Resident Doctors in Ondo State have embarked on a seven-day warning strike, to protest the non-payment of their salaries for 4 months. This is not the first that Resident Doctors in Ondo State have decried that they have been deprived of their rights by the Ondo State Government.
The Doctors of Ondo State University Medical Sciences Teaching Hospital, UNIMEDTH, Akure, had decided to go on strike due to the government’s delay in making their remunerations available despite their commitment to their jobs. They expressed their displeasure by marching to the office of the
Chief Medical Director to demand an explanation for the silence of government concerning their salaries.
The doctors noted that other health workers are having a better lease of life through the health management board, they have been deprived of their salaries. They threatened to embark on an indefinite strike next Monday
if their demands remain unattended to.
Dr. Taiwo Olagbe, Spokesperson of the aggrieved doctors pleaded with the state government to intervene at this point before the doctors permanently down tools.
In response, Dr. Adesina Adetan, the Physician in Charge pleaded with the protesting doctors to exercise patience. Dr. Adetan assured that the government is everything to make sure that their salaries are moved into the mainstream system.
It could be recalled that before the recent Ondo State Governorship elections, The Resident Doctors, under the aegis of the Ondo State Resident Doctors Association, Ondo State Chapter, embarked on an indefinite strike due to gross neglect of their members during the ongoing COVID-19 Pandemic as well as non-payment of their due remuneration.
They were joined by the National Association of Government General Medical and Dental Practitioners who also asserted that the Government refused to provide PPEs to its members thereby resulting in some of its members contracting the virus. These two medical pressure agencies also
decried the non-payment of their COVID-19 Hazard and Risk Allowances, which was meant to encourage their members to help fight against the virus and attend to patients in the state.

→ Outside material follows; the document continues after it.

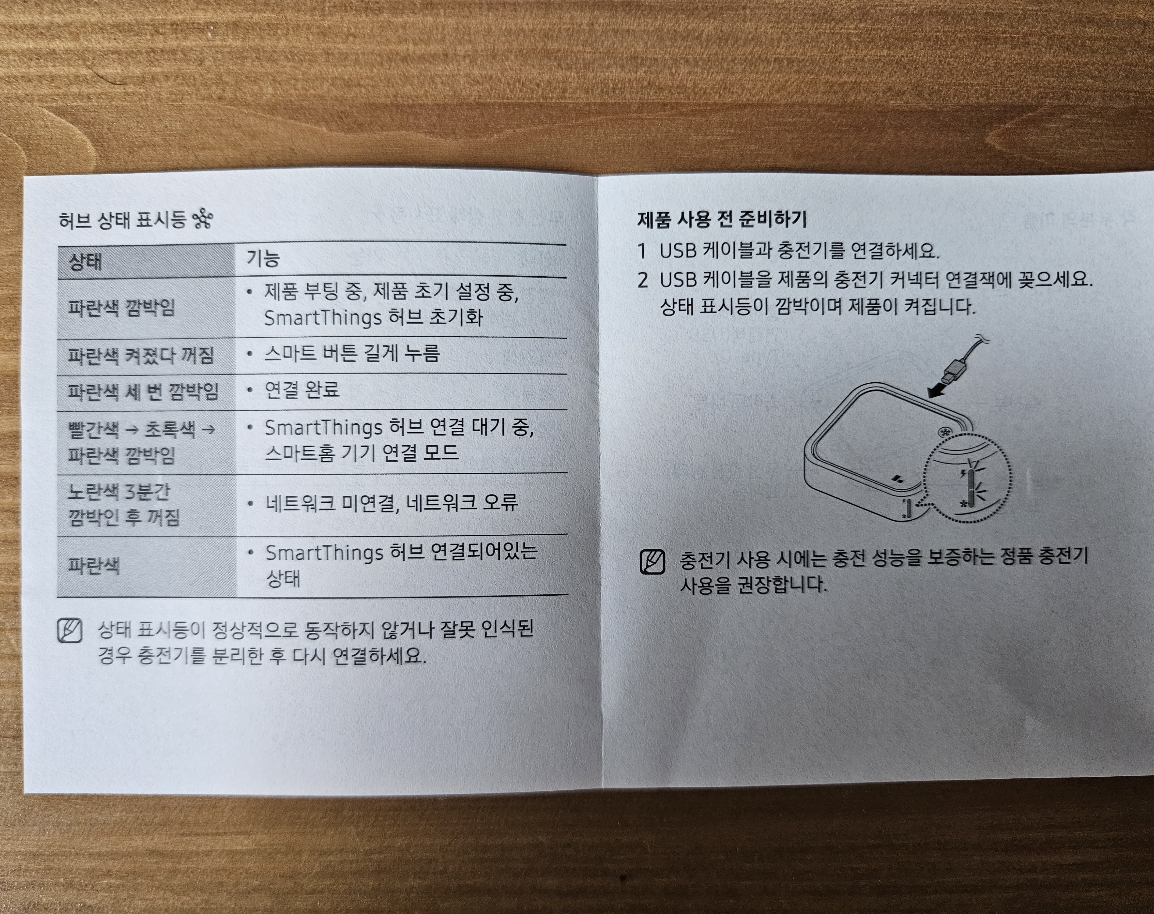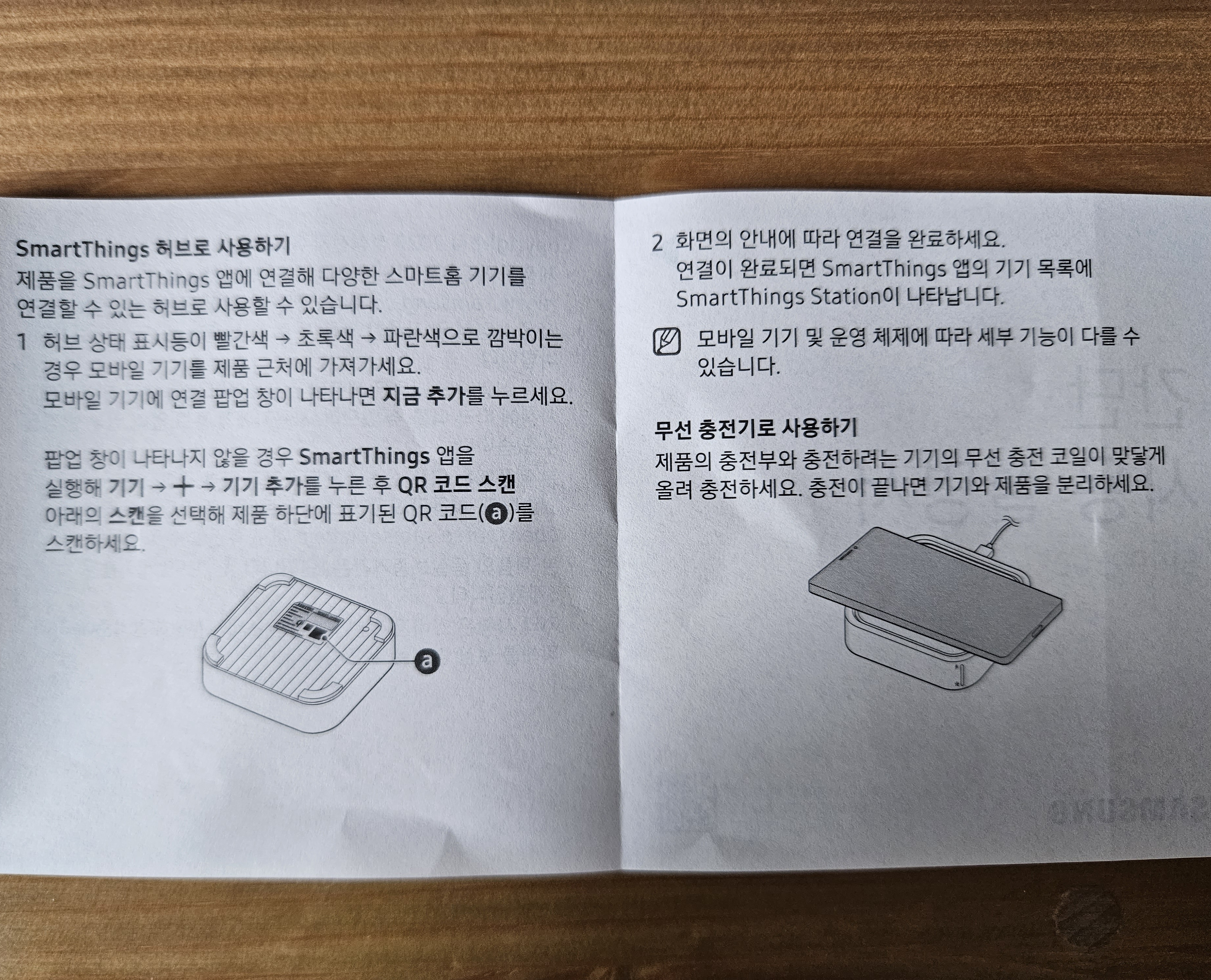 허브 상태 표시등 설명이 써져 있었고 스마트싱스 허브로 사용하는 방법에 대한 것도 써져 있었는데요. 허브 기능은 24년 8월에 청약에 당첨되어 이사를 가게 되는데 그때 유용하게 사용해 볼 계획입니다. 그리고 마지막으로 무선 충전기로도 사용할 수 있다는 설명이 써져 있었습니다.

In the same vein, nurses at the State Mother and Child Hospital staged a peaceful protest by paralysing medical activities for a day in the facility. Their grouse with the State government was however that the government had not done enough contact tracing to combat the deadly pandemic.
The Ondo State Government responded to the strike action of medical doctors in June by throwing some of the members of the University Medical Teaching Hospital under the bus. The Government issued a director sacking resident doctors. The state also went ahead to suspend the residency training programme. Many doctors accused the State Government of ‘divide and rule’ strategies in other to undermine the unity of their demands.
By August, The state government appealed to the National Associaton of General Medical and Dental Practitioners (NAGGMDP) by attending to some of its demands. They also used the time to demand from the Akeredolu government the circulation, accountability and
When medical doctors embarked on a short strike in January, due to non-payment of three to six-month salaries, Dr. Oluwole Ige, the Chief Medical Director of Medical Sciences Teaching Hospital described the strike as an attempt to tarnish the image of the State Government and the hospital management. He claimed that contrary to the public outcry of doctors that they were owed six months’ salaries, the government only owed them one or two months’ salary. He attributed the non-payment of the salaries to some ‘teething problems’ in the structure of the medical establishment. The State Commissioner for Health, Dr. Wahab Adegbenro assured them they would receive payments in the same month.
Other states had had their recent baptism of strikes from the Resident Doctors, but the state governors of states like Lagos and Ogun State have been quick to engage the doctors, having in mind the fact that many public hospitals are understaffed. Unfortunately, it seems Ondo State has carved a niche for itself as one state with an unending trial of strikes, threats and marches by medical professionals.